[Description of the task] Pictures appear among the records below and must be omitted. Repeat exactly the lines from the line with "Das Badezimmer besteht" to the line with "Josellecras Top –", both included.

[Data extracts]

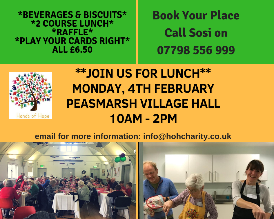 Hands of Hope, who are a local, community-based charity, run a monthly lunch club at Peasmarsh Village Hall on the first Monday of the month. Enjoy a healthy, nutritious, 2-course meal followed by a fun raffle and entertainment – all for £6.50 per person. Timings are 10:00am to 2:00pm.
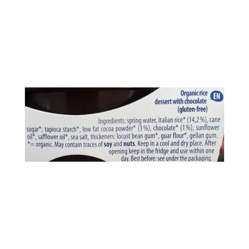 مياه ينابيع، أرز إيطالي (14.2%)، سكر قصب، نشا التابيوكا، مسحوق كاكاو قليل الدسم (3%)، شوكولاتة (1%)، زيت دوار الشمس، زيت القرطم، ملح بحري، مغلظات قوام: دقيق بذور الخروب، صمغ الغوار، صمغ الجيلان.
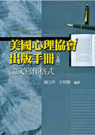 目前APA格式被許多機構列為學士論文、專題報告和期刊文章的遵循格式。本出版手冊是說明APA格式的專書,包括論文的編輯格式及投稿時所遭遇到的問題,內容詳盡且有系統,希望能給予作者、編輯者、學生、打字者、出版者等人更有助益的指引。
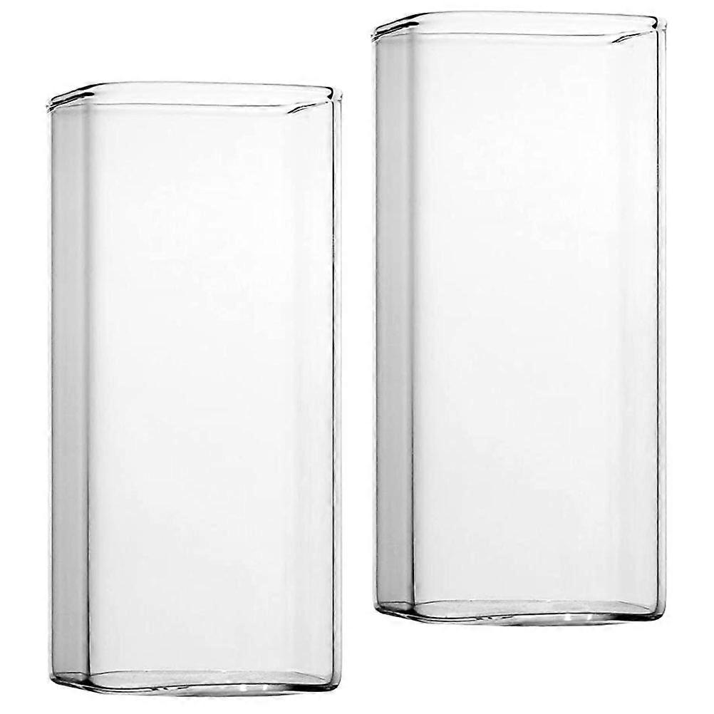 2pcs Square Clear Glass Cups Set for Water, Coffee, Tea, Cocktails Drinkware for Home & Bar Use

* * *

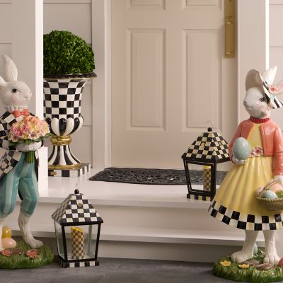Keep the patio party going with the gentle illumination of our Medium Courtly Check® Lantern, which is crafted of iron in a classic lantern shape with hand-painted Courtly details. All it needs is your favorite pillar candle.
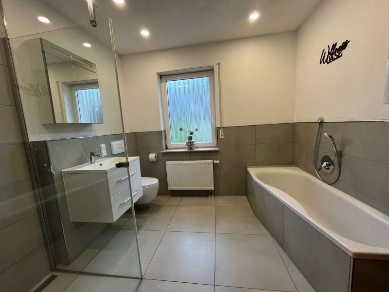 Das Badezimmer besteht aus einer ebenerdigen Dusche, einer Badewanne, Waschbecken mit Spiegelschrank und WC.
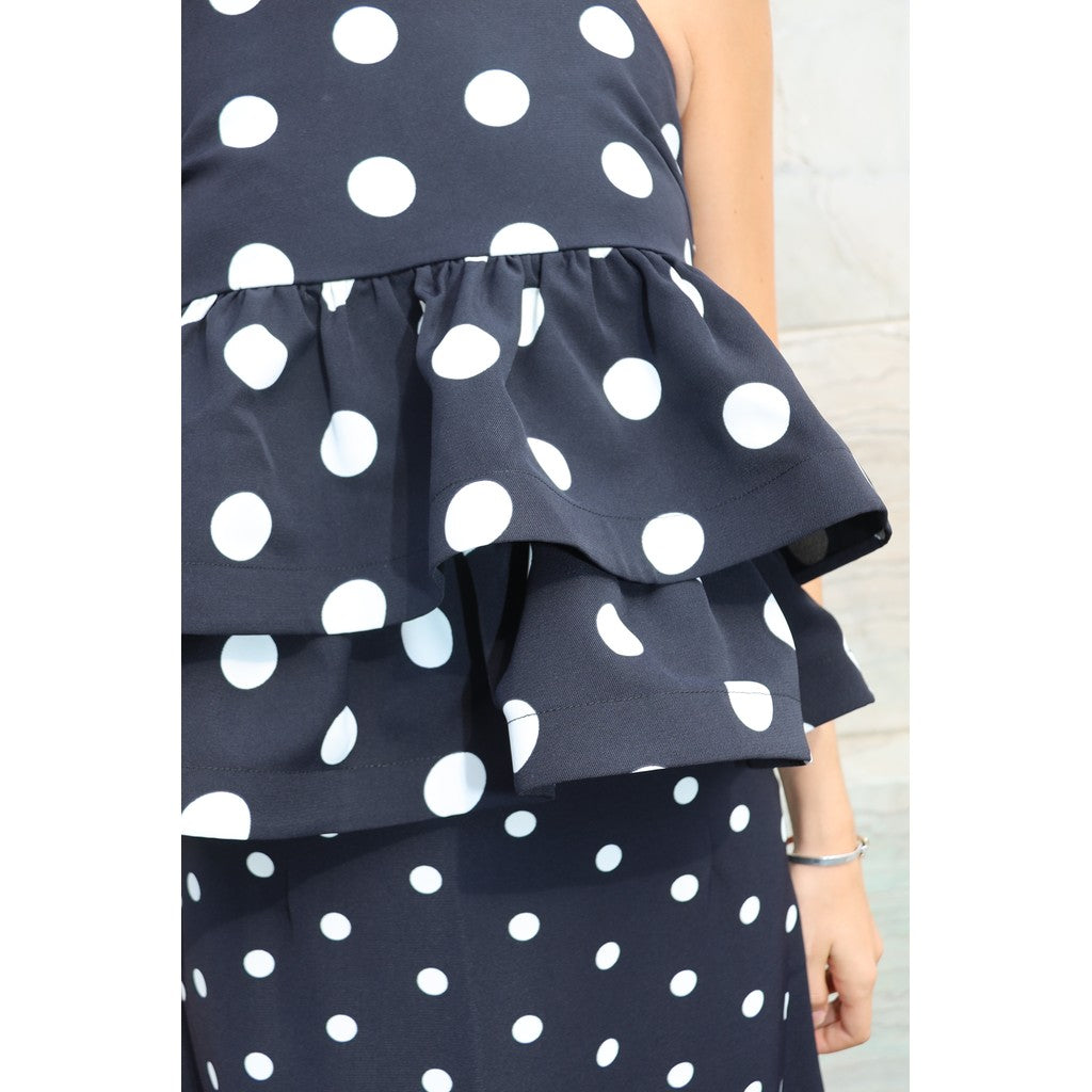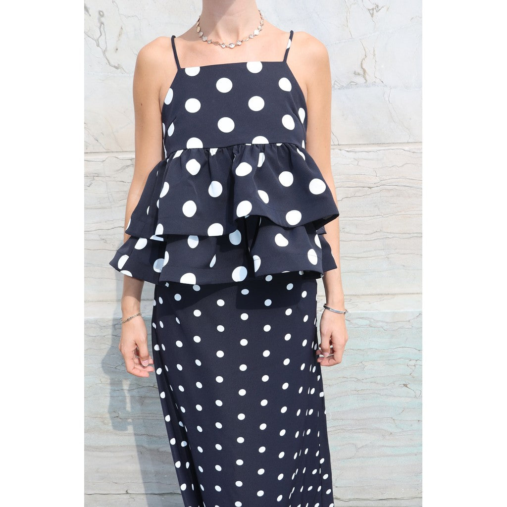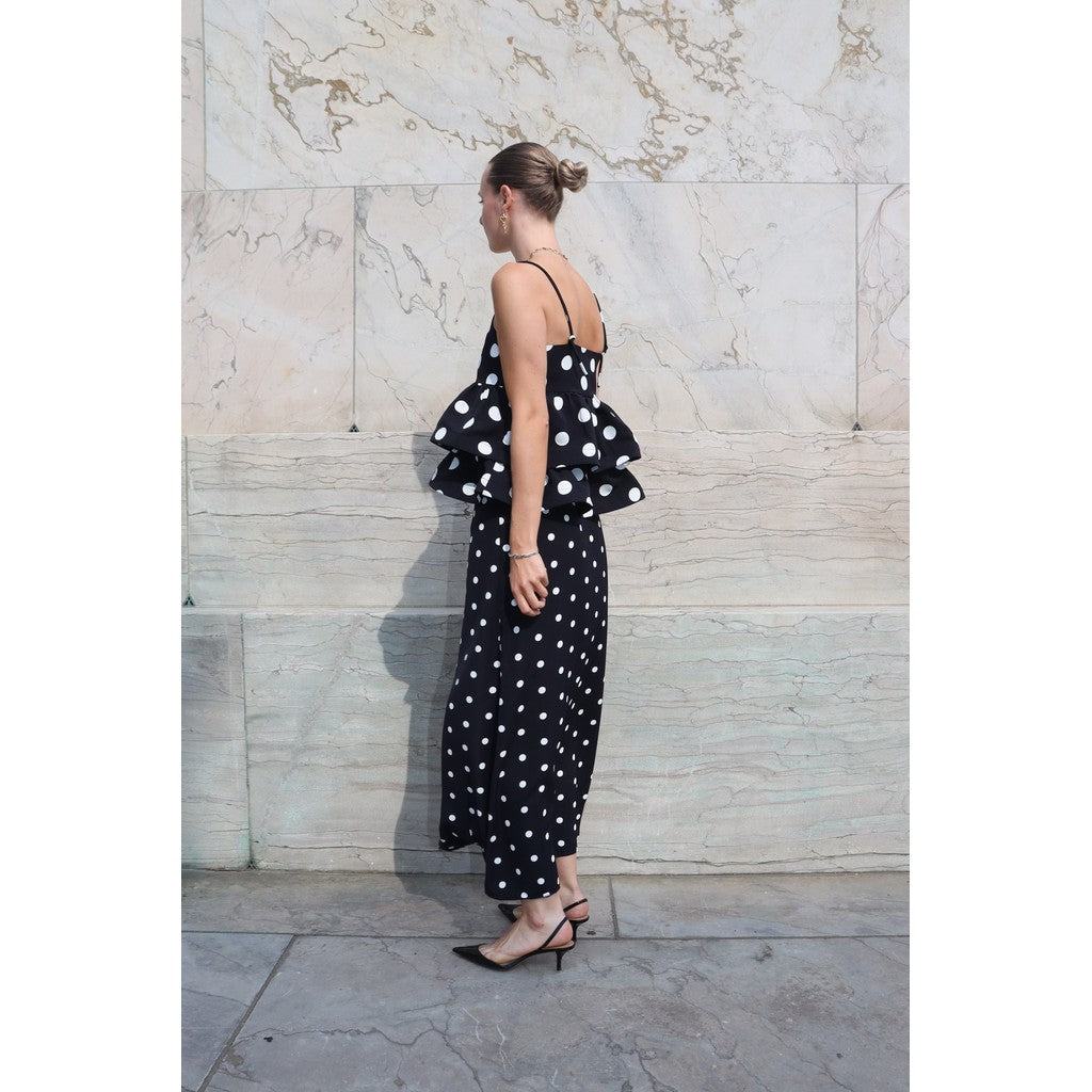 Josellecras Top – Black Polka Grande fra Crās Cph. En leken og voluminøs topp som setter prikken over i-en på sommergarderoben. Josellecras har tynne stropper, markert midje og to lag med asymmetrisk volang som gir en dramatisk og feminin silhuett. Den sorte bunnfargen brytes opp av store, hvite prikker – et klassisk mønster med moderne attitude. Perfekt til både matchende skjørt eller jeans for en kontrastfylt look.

[Response to this exercise]
 Das Badezimmer besteht aus einer ebenerdigen Dusche, einer Badewanne, Waschbecken mit Spiegelschrank und WC.
 Josellecras Top – Black Polka Grande fra Crās Cph. En leken og voluminøs topp som setter prikken over i-en på sommergarderoben. Josellecras har tynne stropper, markert midje og to lag med asymmetrisk volang som gir en dramatisk og feminin silhuett. Den sorte bunnfargen brytes opp av store, hvite prikker – et klassisk mønster med moderne attitude. Perfekt til både matchende skjørt eller jeans for en kontrastfylt look.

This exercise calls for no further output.